Метатекст с маркером присоединения - соединительным союзом «и» - способствует дальнейшему рассуждению, сигнализируя читателю, что перед ним еще одно «попутное» (но не менее важное) воспоминание автора. Наречие еще (в первом случае в значении «кроме того, в придачу, вдобавок», во втором - «до сих пор») актуализирует семантику метатекстовых компонентов.
Метатекст может пояснять и «индивидуальное слово» персонажа, «растворенное» в авторском повествовании [3], уравнивая пресуппозиции автора и читателя.

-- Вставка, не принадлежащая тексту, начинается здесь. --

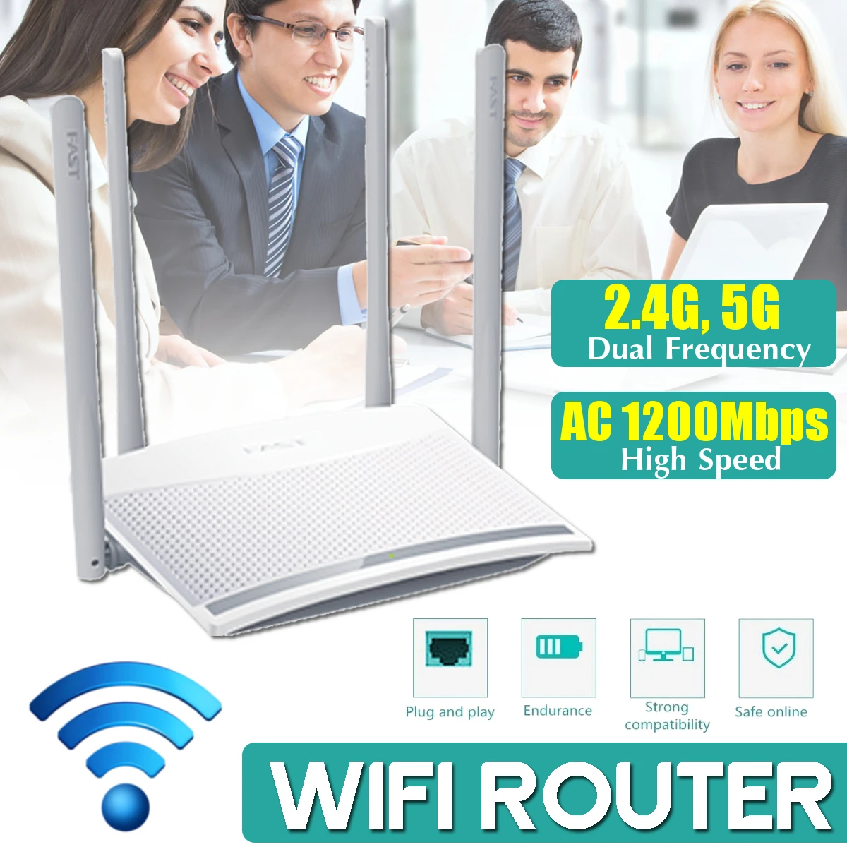Беспроводной маршрутизатор 5G WiFi Gigabit Dual-Band AC1200 с антеннами с высоким коэффициентом усиления 5 * 6dBi более широкое покрытие, простая настройка, управление приложением

«Сначала я был в отчаянии. Отпуск я уже оформил и деньги за билет отдал. Но потом меня осенило. И такое бывает иногда и с ученой братией. Я позвонил в Болгарию Ивану и эзоповским языком объяснил, что и как. Иван
Николаевич все мгновенно понял (просек, как тогда говорила моя младшая дочь) и через несколько дней я получил еще одну телеграмму» (А. Баталов. Судьба и ремесло).

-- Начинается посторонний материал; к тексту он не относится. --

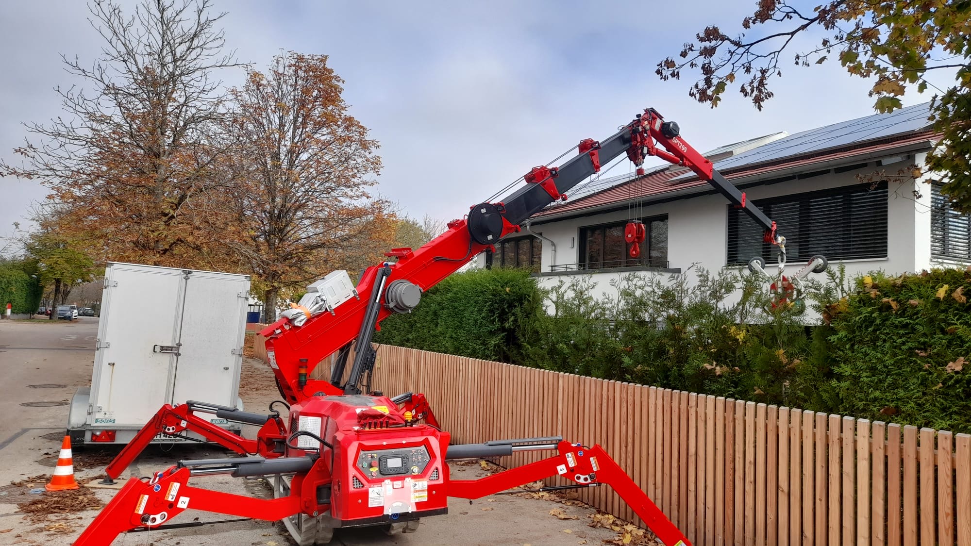 - Kann er auf unebenem Boden arbeiten? Uplifter Minikrane sind sogenannte Spinnenkrane und haben in der Höhe und Breite verstellbare Kranbeine, um jegliche Unebenheiten im Gelände problemlos ausgleichen zu können.

«Последствия моих упражнений в немецком языке и баллистике мне довелось узнать уже через несколько дней. А пока - пока я сдал свои дела в дивизии и вернулся в полк, где я очень быстро завершил свои несложные сборы. Но тут произошла осечка. Я надеялся забрать с собой свой «Фиат - западная пустыня» и триумфально уехать на нем в Москву. Представляю, какой бы фурор (тогда говорили, «фураж»!) он бы произвел!» (Н. Н. Моисеев. Как далеко до завтрашнего дня).

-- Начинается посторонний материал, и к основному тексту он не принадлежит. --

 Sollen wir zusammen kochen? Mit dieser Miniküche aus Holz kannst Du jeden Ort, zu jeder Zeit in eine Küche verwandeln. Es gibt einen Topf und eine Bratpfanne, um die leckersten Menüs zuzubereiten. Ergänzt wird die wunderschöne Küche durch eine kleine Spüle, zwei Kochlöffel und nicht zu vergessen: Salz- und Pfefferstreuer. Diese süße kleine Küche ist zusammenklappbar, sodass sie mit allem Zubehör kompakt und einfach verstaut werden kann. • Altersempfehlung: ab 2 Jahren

В метатексте содержится прямое указание на автора «чужого слова» («как тогда говорила моя младшая дочь»; «тогда говорили»), отражается языковой вкус времени. Точка зрения автора в метатексте ретроспективна, так как он «перемещается» назад по шкале времени», «маркером» чего становится прошедшая форма времени глагола и местоименное наречие тогда, активизирующее оппозицию тогда / теперь.
Таким образом, включение в структуру мемуарного текста метатекста соответствует природе мемуарного жанра. Следовательно, среди жанрообразующих признаков мемуарной прозы немаловажную роль играет и метатекст автора как результат его дискурсивного мышления (ход мыслей, их последовательность, связь идей). На наш взгляд, в жанре мемуаров метатекст используется в трех основных функциях. Во-первых, эксплицирует отдельные признаки жанра мемуаров: субъективность, ретроспек-тивность, оценочность, временные деформации. Во-вторых, участвует в диалогизации текста, создавая эффект разговорной речи. В-третьих, актуализирует взаимодействие с читателем.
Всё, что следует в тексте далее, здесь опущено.